Workshops ... Overview and workshop outline

Overview and workshop outline

We start with a simple Data Engineering Zoomcamp FAQ bot. At first it's a normal RAG pipeline that searches the FAQ, builds a prompt, and asks the model to answer. Then we turn it into an agent with one tool and add guardrails around the agent loop.

The workshop stays in a notebook so the moving parts stay small enough to see what's happening. We still use the same patterns you would use in a real support bot.

Many ideas here come from the OpenAI Agents SDK guardrails.
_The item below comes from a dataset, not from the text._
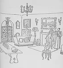 Often mixing antique and modern furniture in the same room, Curzon Street Baroque, has been described as a rejection of Modernism.[8][3] However, as a reformation style, it was more a rejection of the dark and cluttered Victorian style. The opinion of Victorian Architecture and style was at an all-time low, with Osbert Lancaster's fellow wit and contemporary, PG Wodehouse, stating: "It is pretty generally admitted that few Victorians were to be trusted within reach of a trowel and a pile of bricks."[9] Curzon Street Baroque certainly avoided the straight clean lines of Modernism and the dark woodwork of the Victorian era in favour of curves of "overwrought iron and Knole sofas, forests of twisted baroque candlesticks and pickled-oak occasional tables with the early southern-German look inspired by the arty Sitwells."[10] Walls were painted pastel colours, often a shade of green, and where the patrons could afford it, at least one "feature panel" was installed in a room. These were large paintings or murals, often let into the newly repainted panelling, often in the form of trompe-l'œil.[2] In the dining room at Sandringham, the panels were valuable tapestries given by King Alfonso XII of Spain.[11]

The SDK has built-in input and output guardrails. Here we implement the same pattern ourselves, so it works with any agent framework, including frameworks that don't include guardrails by default.

The FAQ bot

The bot answers questions about Data Engineering Zoomcamp.

It uses the FAQ JSON that DataTalks.Club publishes:

https://datatalks.club/faq/json/data-engineering-zoomcamp.json

Each FAQ entry has the course slug, the section, the question, and the answer. That gives us a clean knowledge base with real student questions.

We use three failure cases throughout the workshop:

  • The user asks about something unrelated.
  • The agent promises something it shouldn't.
  • The user asks for a homework answer instead of help.

Segment 1: Introduction to agents (25 minutes)

We start by comparing fixed RAG with agentic RAG.

A fixed RAG pipeline always follows the same path:

  • Search once.
  • Build a prompt.
  • Ask the model to answer.

An agent is different: we give the model one tool, search, and let it decide when to call it. We implement that loop ourselves so the control flow is visible before we add guardrails.

We leave 5 minutes for Q&A after this segment.

Segment 2: Build the FAQ agent (30 minutes)

Next we build the bot that the rest of the workshop protects. We set up the notebook and load the Data Engineering Zoomcamp FAQ JSON. Then we index it with minsearch and wrap search in one function.

In this part, we:

  • Set up the environment and dependencies.
  • Load the FAQ data.
  • Build the search index.
  • Try search directly before involving the model.
  • Define the search tool schema.
  • Wrap the OpenAI Responses API loop in a small class.
  • Try normal and off-topic questions.

Now the agent can answer course questions, but it can also drift. That gives us concrete examples to fix.

The exercise is to run the agent and test it with normal questions, off-topic questions, and unsafe requests.

We leave 5 minutes for Q&A after this segment, then take a 5 minute break.

Segment 3: Add input guardrails (35 minutes)

Now we add the first safety layer before await agent.run(...) runs. The input guardrail checks whether the user question belongs to the Data Engineering Zoomcamp assistant.

In this part, we:

  • Define the topic policy.
  • Return a structured Pydantic decision.
  • Block unrelated questions before the agent runs.
  • Return a clear message when the guardrail trips.

This stops the agent from spending tokens on cooking questions, generic advice, or prompt-injection attempts.

The exercise is to implement and test a topic guardrail that blocks off-topic questions.

We leave 5 minutes for Q&A after this segment.

Segment 4: Add output guardrails (35 minutes)

Input checks aren't enough on their own, because some questions are allowed but the answer can still be unsafe. For example, a student can ask about deadlines, but the assistant shouldn't promise an extension.

In this part, we:

  • Define the response safety policy.
  • Check the answer before the user sees it.
  • Block unsafe promises.
  • Keep safe FAQ answers working.

The key idea is simple: input guardrails decide whether the request may reach the agent. Output guardrails decide whether the answer may reach the user.

The exercise is to build a safety guardrail that blocks deadline extension promises.

We leave 5 minutes for Q&A after this segment, then take a 5 minute break.

Segment 5: Combine multiple guardrails (30 minutes)

Real systems usually need more than one rule. We split the checks so each guardrail has one job and a specific failure message.

In this part, we:

  • Chain multiple guardrails.
  • Add an academic integrity check.
  • Discuss streaming with guardrails.
  • Run checks concurrently when latency matters.

The first input guardrail runner is sequential, which is fine for some applications. But once we have several checks, waiting for each one before starting the FAQ agent adds latency.

So this segment also includes a short async lesson. We use asyncio.create_task to start the guardrail and FAQ agent together. If the guardrail blocks the request, we cancel the agent task.

The exercise is to test the fully guarded agent with streaming enabled.

We leave 5 minutes for Q&A after this segment.

Wrap-up and next steps (15 minutes)

By the end, we have a handwritten agent loop with guardrails around it. The same idea can move into PydanticAI, LangChain, OpenAI Agents SDK, or your own runner.

We close with the main takeaways, when to use each guardrail type, and the final Q&A.